Mamanbibou

plein de trucs qui sauvent pour les mamans qui allaitent (et toutes les mamans!)

 

Éduquer ses enfants dans le respect, oui mais comment ? 19 décembre, 2011

Classé dans : éducation respectueuse — mamanbibou @ 18:36

J’ai beaucoup réfléchi avant d’écrire cet article, tellement le sujet est sensible. Pas mal de copains qui ne comprennent pas notre façon de faire, et que je ne veux pas juger tant chacun essaye sûrement de faire de son mieux en matière d’éducation…, une envie de dire mes convictions dans ce domaine sans pour autant être cataloguée, mais allez… je me lance !       en espérant que les yeux qui me liront seront pleins de bienveillance et « open-minded » ! (de toutes façons c’est long, alors vous ne me lirez que si vous êtes intéressés !!)

Car OUI on peut élever ses enfants sans les punir et sans les fesser, mais NON ça ne signifie pas que tout est permis, qu’ils n’ont pas de limites et que c’est le waï à la maison (du moins pas plus qu’ailleurs !), et NON ce n’est pas parce que ceux qui choisissent cette façon de faire ont des petits anges (pas plus ailleurs non plus…)
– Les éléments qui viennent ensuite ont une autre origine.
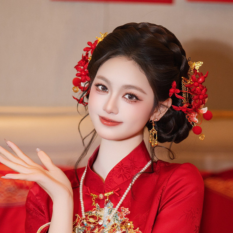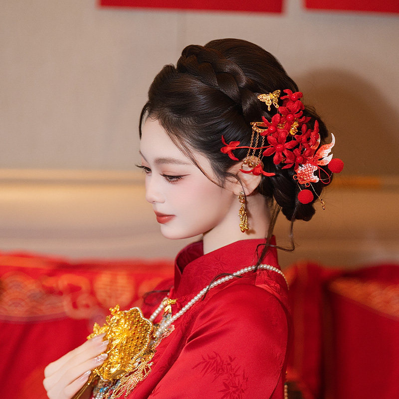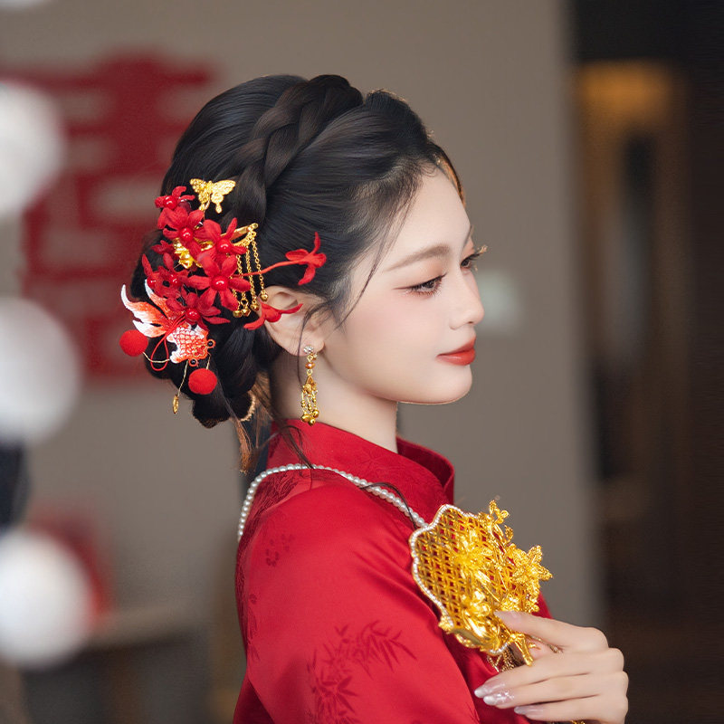 复古新娘发饰新中式 红色仿真花小财神锦鲤发钗订婚新年敬酒服发饰

Voilà donc après cette longue intro ce qui nous a aidés et nous aide encore beaucoup :

  1. Nous nous sommes renseignés sur les enfants de l’âge de l’enfant en question, et sur les trucs énervants que de toutes façons ils font à cet âge. Genre, à 18 mois : faire sous mon nez ce que je viens de lui demander de ne pas faire… en fait il/elle vérifie seulement qu’ il/ elle a bien compris.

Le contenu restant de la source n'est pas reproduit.